Ralph Dunbar mit seinem spektakulären Erfolg in der Finanzwelt war ein äußerst großzügiger Mensch gewesen, und als er dann auch noch zum Ritter geschlagen wurde, hatte sein Bruder Henry in den höchsten Tönen von ihm gesprochen.
Daß er ihn jetzt jedoch, wo er sich nicht mehr verteidigen konnte, derart heruntermachte, war für Nerita unbegreiflich.
Doch, was hätte ihr Vater auch zu seiner Verteidigung vorbringen können?
Obwohl sie wenig von diesen Dingen verstand, fand sie, daß es ihm absolut nicht ähnlich sah, alles auf eine Karte gesetzt zu haben.
Aber die Goldmine in Südafrika hatte ihn zu Spekulationen verführt, und die Berichte waren so positiv und ermutigend gewesen, daß er überzeugt davon gewesen war, er und seine Freunde hätten nach der Inbetriebnahme ein für allemal ausgesorgt.
Und so waren Werzenstein-Aktien in seinem Namen auf den Markt geschleudert worden.
Alles hatte dem ,Dynamischen Dunbar‘ voll vertraut, und Nerita war selbst Zeuge gewesen, wie man ihn in London, Paris und Rom gefeiert hatte.
Nach den ersten vielversprechenden Funden hätte es niemand für möglich gehalten, daß die Goldader versiegen und das ganze Projekt so katastrophal auffliegen würde.
Aber genau das war eingetreten, und jetzt stand Nerita mit einer Apanage von hundert Pfund pro Jahr da. Dazu kam, daß ihr Name besudelt war - wie ihre Tante sich ausgedrückt hatte - und ihre Heiratsaussichten daher gleich Null waren.
„Ich denke im Moment weiß Gott nicht ans Heiraten“, hatte Nerita erwidert.
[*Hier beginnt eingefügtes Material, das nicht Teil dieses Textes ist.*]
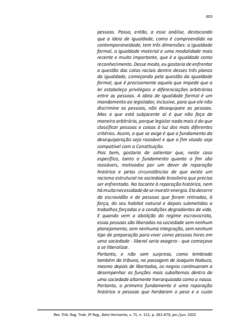 Rev. Trib. Reg. Trab. 3ª Reg., Belo Horizonte, v. 71, n. 111, p. 281-679, jan./jun. 2025603pessoas. Passo, então, a essa análise, destacando que a ideia de igualdade, como é compreendida na contemporaneidade, tem três dimensões: a igualdade formal, a igualdade material e uma modalidade mais recente e muito importante, que é a igualdade como reconhecimento. Desse modo, eu gostaria de enfrentar a questão das cotas raciais dentro desses três planos da igualdade, começando pela questão da igualdade formal, que é precisamente aquela que impede que a lei estabeleça privilégios e diferenciações arbitrárias entre as pessoas. A ideia de igualdade formal é um mandamento ao legislador, inclusive, para que ele não discrimine as pessoas, não desequipare as pessoas. Mas o que está subjacente aí é que não faça de maneira arbitrária, porque legislar nada mais é do que classificar pessoas e coisas à luz dos mais diferentes critérios. Assim, o que se exige é que o fundamento da desequiparação seja razoável e que o fim visado seja compatível com a Constituição.Pois bem, gostaria de salientar que, neste caso específico, tanto o fundamento quanto o fim são razoáveis, motivados por um dever de reparação histórica e pelas circunstâncias de que existe um racismo estrutural na sociedade brasileira que precisa ser enfrentado. No tocante à reparação histórica, nem há muita necessidade de se investir energia. Ela decorre da escravidão e de pessoas que foram retiradas, à força, do seu habitat natural e depois submetidas a trabalhos forçados e a condições degradantes de vida. E quando vem a abolição do regime escravocrata, essas pessoas são liberadas na sociedade sem nenhum planejamento, sem nenhuma integração, sem nenhum tipo de preparação para viver como pessoas livres em uma sociedade - liberal seria exagero - que começava a se liberalizar.Portanto, e não sem surpresa, como lembrado também da tribuna, na passagem de Joaquim Nabuco, mesmo depois de libertados, os negros continuaram a desempenhar as funções mais subalternas dentro de uma sociedade altamente hierarquizada como a nossa.Portanto, o primeiro fundamento é uma reparação histórica a pessoas que herdaram o peso e o custo
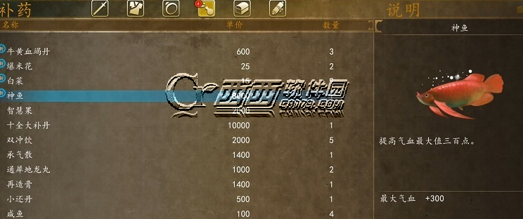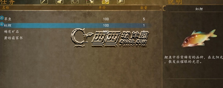 虹鲤:单价100。鲤鱼中非常稀有的品种,在太阳光底下散发出耀眼的光芒。估摸着是任务用。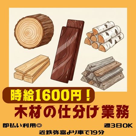 ◎未経験歓迎☆高時給1600円・木材の仕分け業務!

„Das solltest du aber“, hatte ihre Tante gesagt, und ihr Ton war scharf gewesen. „Was aus dir noch werden soll, ist mir ein Rätsel, und glaube bloß nicht, daß ich dich mit der Schande, die an dir klebt, in die Gesellschaft einführe.“
„Das erwarte ich auch nicht von dir, Tante Violet“, hatte Nerita entgegnet.
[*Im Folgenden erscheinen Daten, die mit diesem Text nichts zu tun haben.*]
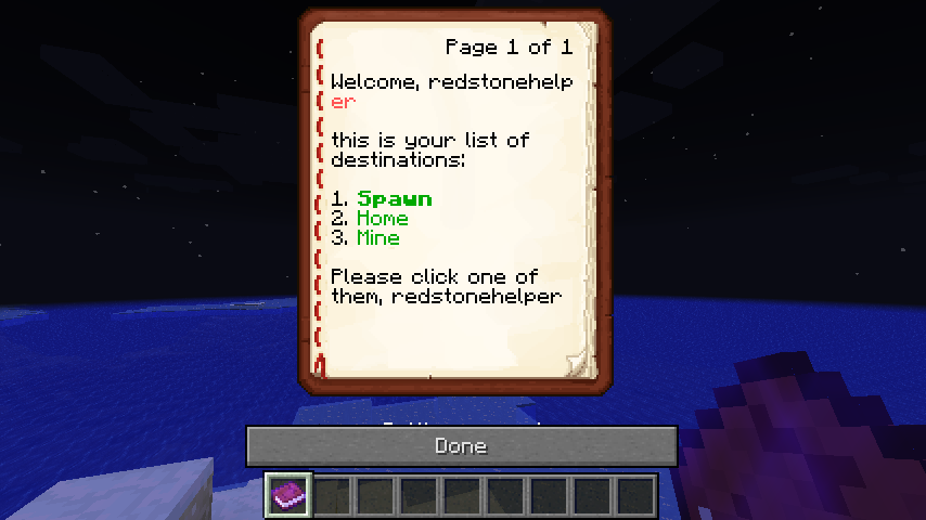 /give @p written_book 1 0 {title:"Getting around",author:"Searge",pages:["{text:\"Welcome, \",extra:[{selector:\"@p\",color:red},{text:\"\n\nthis is your list of destinations:\n\n\"},{text:\"1. \",color:orange,extra:[{text:\"Spawn\",color:dark_green,bold:true}],hoverEvent:{action:show_text,value:\"This worlds spawn point\"},clickEvent:{action:run_command,value:\"/tp @p -305 56 169\"}},{text:\"\n\"},{text:\"2. \",color:orange,extra:[{text:\"Home\",color:dark_green}],hoverEvent:{action:show_text,value:\"Your main base\"},clickEvent:{action:run_command,value:\"/tp @p 5 56 96\"}},{text:\"\n\"},{text:\"3. \",color:orange,extra:[{text:\"Mine\",color:dark_green}],hoverEvent:{action:show_text,value:\"The old mines\"},clickEvent:{action:run_command,value:\"/tp @p 15 56 -318\"}},{text:\"\n\nPlease click one of them, \"},{selector:\"@p\",color:red}]}"]}Then open the book and, if your username is sufficiently long, observe how only the part of your username that wrapped into a new line will be colored. See attached screenshot.

„Dann kann ich dir nur raten mit deinem Onkel zu sprechen. Daß er Gentleman genug ist, die Tochter seines Bruders nicht im Stich zu lassen, brauche ich nicht zu betonen, aber von mir kann man nicht erwarten, daß ich Wunder vollbringe.“
„Im Moment steht mir der Sinn wirklich nicht nach einem Gesellschaftsleben“, hatte Nerita ruhig erklärt.
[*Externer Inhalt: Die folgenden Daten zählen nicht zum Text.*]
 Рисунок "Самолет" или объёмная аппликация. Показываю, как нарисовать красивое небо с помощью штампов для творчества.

„Mag schon sein“, hatte ihre Tante entgegnet. „Aber so ein Trauerjahr ist schnell vorbei, und was geschieht dann?“
Diese Frage war nicht zu beantworten.
Natürlich konnte man nicht erwarten, daß diejenigen, die durch den Bankrott ihres Vaters in Mitleidenschaft gezogen worden waren, Nerita in ihre Kreise aufnahmen, geschweige denn auch noch einluden.
Ehe sie London verlassen hatte und nach Frankreich gegangen war, war das allerdings der Fall gewesen.
„Wegen Nerita brauchen Sie sich keine Gedanken zu machen, Dunbar“, hatte sie einmal einen Freund ihres Vaters sagen hören. „Wenn sie das entsprechende Alter erreicht hat, geben wir einen Ball für sie und laden alle heiratsfähigen jungen Männer von Rang und Namen dazu ein.“
Er war nicht der einzige gewesen, der derlei Versprechungen gemacht hatte. Eine ganze Reihe von Damen der Gesellschaft hatten sich erboten, für das „arme mutterlose Kind“ Feste zu geben.
Daß ihr Vater diese Feste hätte finanzieren müssen, war als selbstverständlich angenommen worden, aber es war wohl wichtig, in der entsprechenden Form in die Gesellschaft eingeführt zu werden, und Nerita wußte, daß ihr Vater zu allem bereit gewesen wäre.
Er hatte nie von ihr verlangt, den Mund zu halten und die eigene Meinung zu unterdrücken. Und daß sie nach dem Tod ihrer Mutter bei offiziellen Diners hatte dabei sein dürfen, war eine Selbstverständlichkeit gewesen.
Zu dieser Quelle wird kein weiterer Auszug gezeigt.